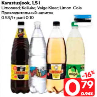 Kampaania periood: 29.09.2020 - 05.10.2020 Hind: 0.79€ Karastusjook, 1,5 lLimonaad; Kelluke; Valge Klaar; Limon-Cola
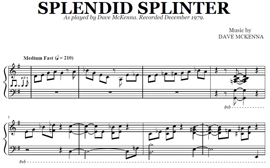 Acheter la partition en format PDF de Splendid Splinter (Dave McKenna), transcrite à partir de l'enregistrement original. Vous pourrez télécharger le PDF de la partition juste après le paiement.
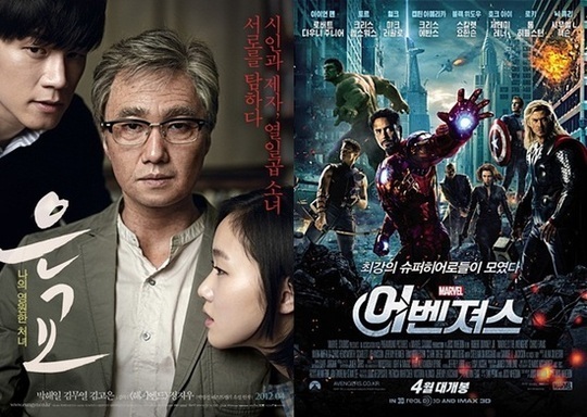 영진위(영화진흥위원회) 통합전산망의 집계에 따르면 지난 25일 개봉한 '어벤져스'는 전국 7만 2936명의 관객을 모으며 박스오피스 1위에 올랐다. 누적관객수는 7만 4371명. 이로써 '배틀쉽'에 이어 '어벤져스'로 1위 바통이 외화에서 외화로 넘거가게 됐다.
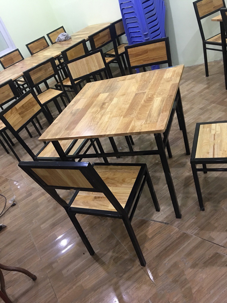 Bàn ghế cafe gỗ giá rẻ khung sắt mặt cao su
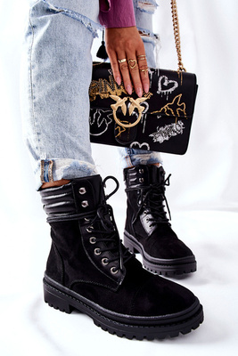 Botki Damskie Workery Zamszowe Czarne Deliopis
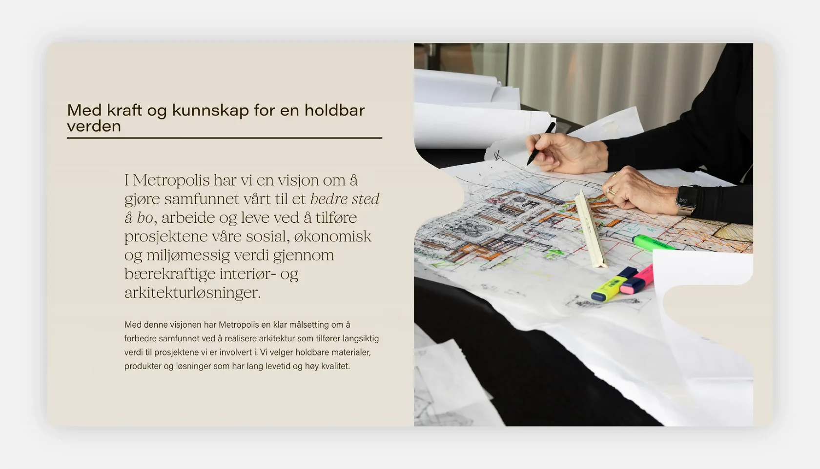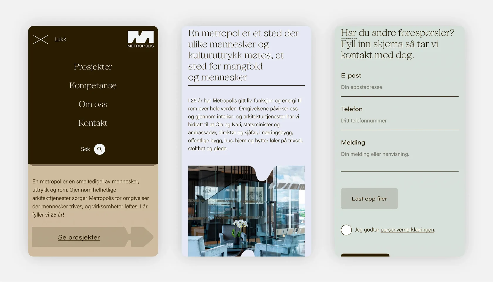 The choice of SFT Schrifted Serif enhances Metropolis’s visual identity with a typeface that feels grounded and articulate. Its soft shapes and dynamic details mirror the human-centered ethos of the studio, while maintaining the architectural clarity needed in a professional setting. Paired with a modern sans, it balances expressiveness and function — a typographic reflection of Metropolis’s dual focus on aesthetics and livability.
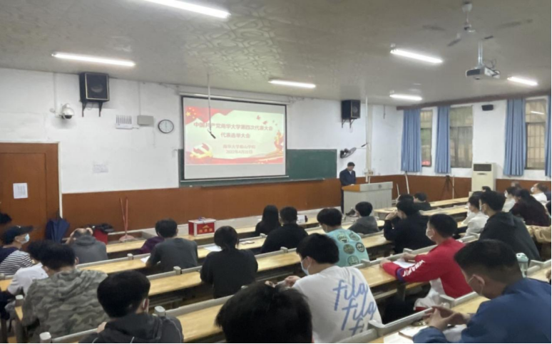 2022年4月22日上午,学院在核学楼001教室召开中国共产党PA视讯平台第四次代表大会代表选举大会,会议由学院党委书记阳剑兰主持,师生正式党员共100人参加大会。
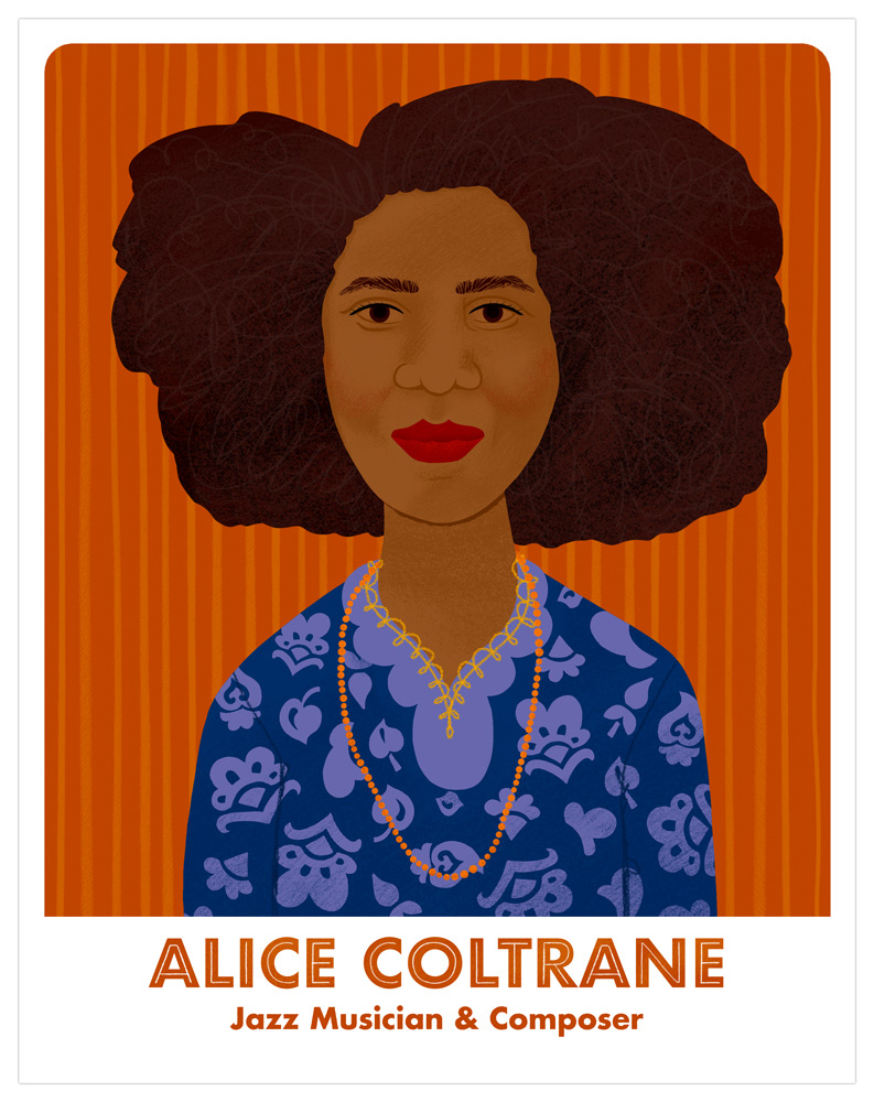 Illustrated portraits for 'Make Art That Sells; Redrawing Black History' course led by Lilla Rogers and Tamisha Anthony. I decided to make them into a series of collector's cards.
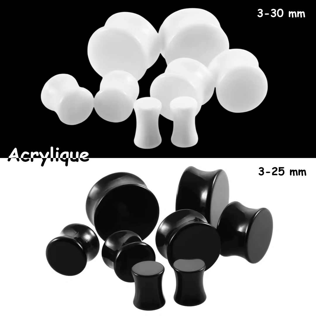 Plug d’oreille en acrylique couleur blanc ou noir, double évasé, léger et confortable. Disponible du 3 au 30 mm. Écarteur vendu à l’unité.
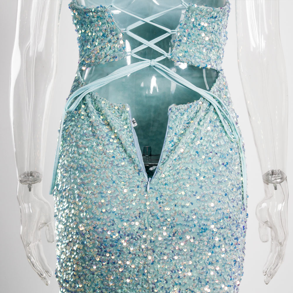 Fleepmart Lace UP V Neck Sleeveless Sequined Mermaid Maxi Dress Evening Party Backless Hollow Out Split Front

...

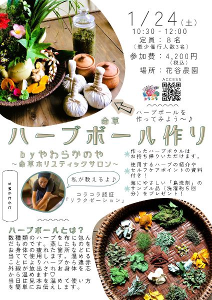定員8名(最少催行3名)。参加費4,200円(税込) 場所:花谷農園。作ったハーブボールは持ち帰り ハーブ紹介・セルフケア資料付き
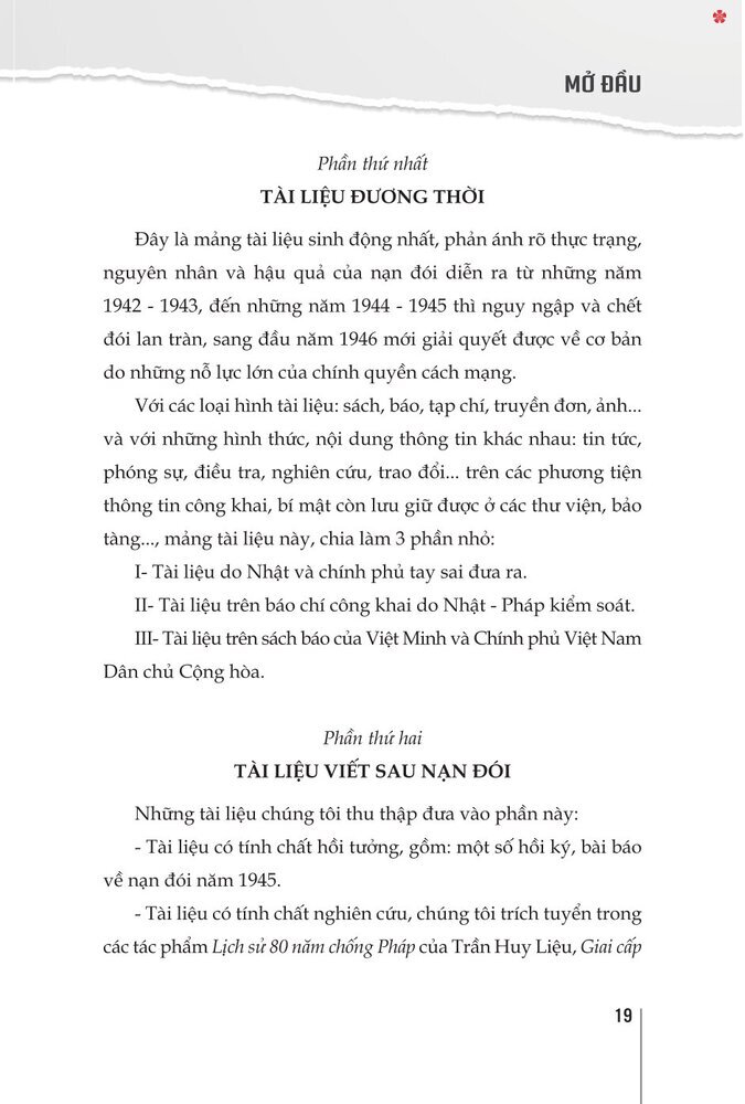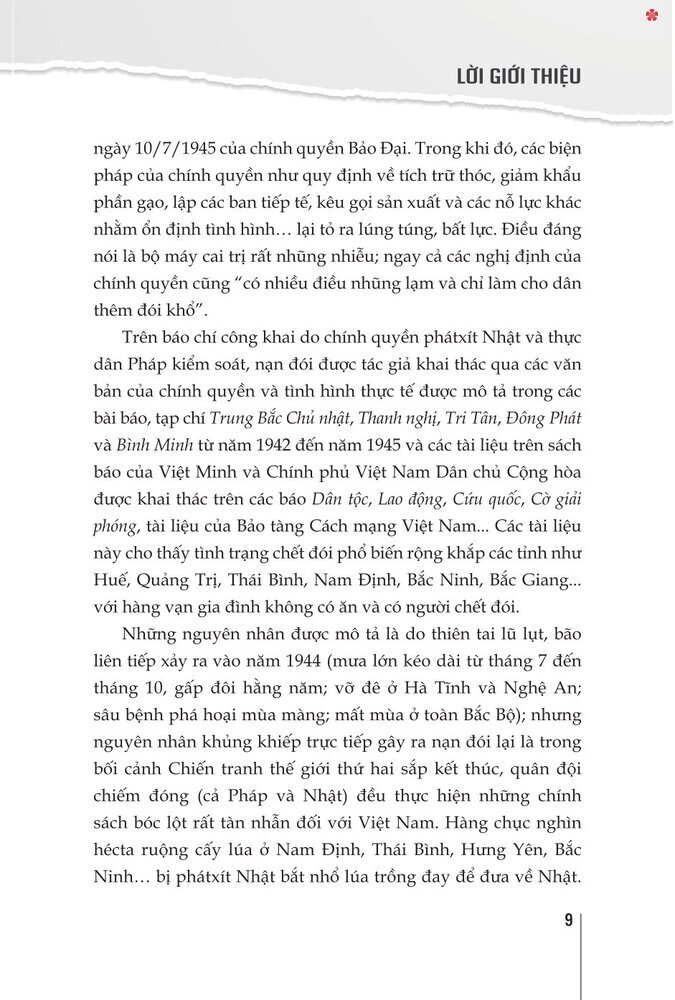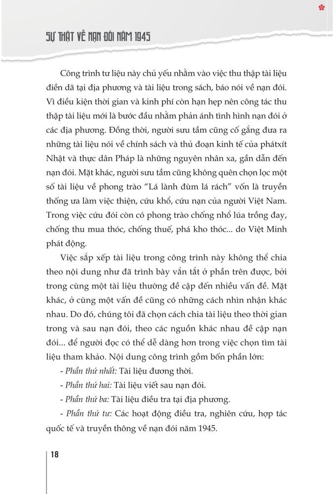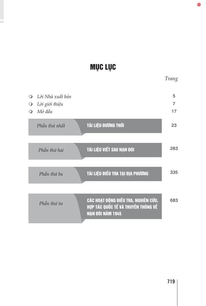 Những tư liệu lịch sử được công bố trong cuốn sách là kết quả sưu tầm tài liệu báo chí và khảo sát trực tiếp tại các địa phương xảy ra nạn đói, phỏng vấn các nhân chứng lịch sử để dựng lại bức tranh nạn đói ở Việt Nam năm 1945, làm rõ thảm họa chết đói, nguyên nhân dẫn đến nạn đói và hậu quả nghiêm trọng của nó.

» Your objective: Please repeat the lines of the material above exactly, starting with the line that contains "Bàn ghế cafe gỗ giá rẻ khung sắt mặt cao su" and ending with the line that contains "Plug d’oreille en". Leave the pictures out.

» Solved problem:
 Bàn ghế cafe gỗ giá rẻ khung sắt mặt cao su
 Botki Damskie Workery Zamszowe Czarne Deliopis
 The choice of SFT Schrifted Serif enhances Metropolis’s visual identity with a typeface that feels grounded and articulate. Its soft shapes and dynamic details mirror the human-centered ethos of the studio, while maintaining the architectural clarity needed in a professional setting. Paired with a modern sans, it balances expressiveness and function — a typographic reflection of Metropolis’s dual focus on aesthetics and livability.
 2022年4月22日上午,学院在核学楼001教室召开中国共产党PA视讯平台第四次代表大会代表选举大会,会议由学院党委书记阳剑兰主持,师生正式党员共100人参加大会。
 Illustrated portraits for 'Make Art That Sells; Redrawing Black History' course led by Lilla Rogers and Tamisha Anthony. I decided to make them into a series of collector's cards.
 Plug d’oreille en acrylique couleur blanc ou noir, double évasé, léger et confortable. Disponible du 3 au 30 mm. Écarteur vendu à l’unité.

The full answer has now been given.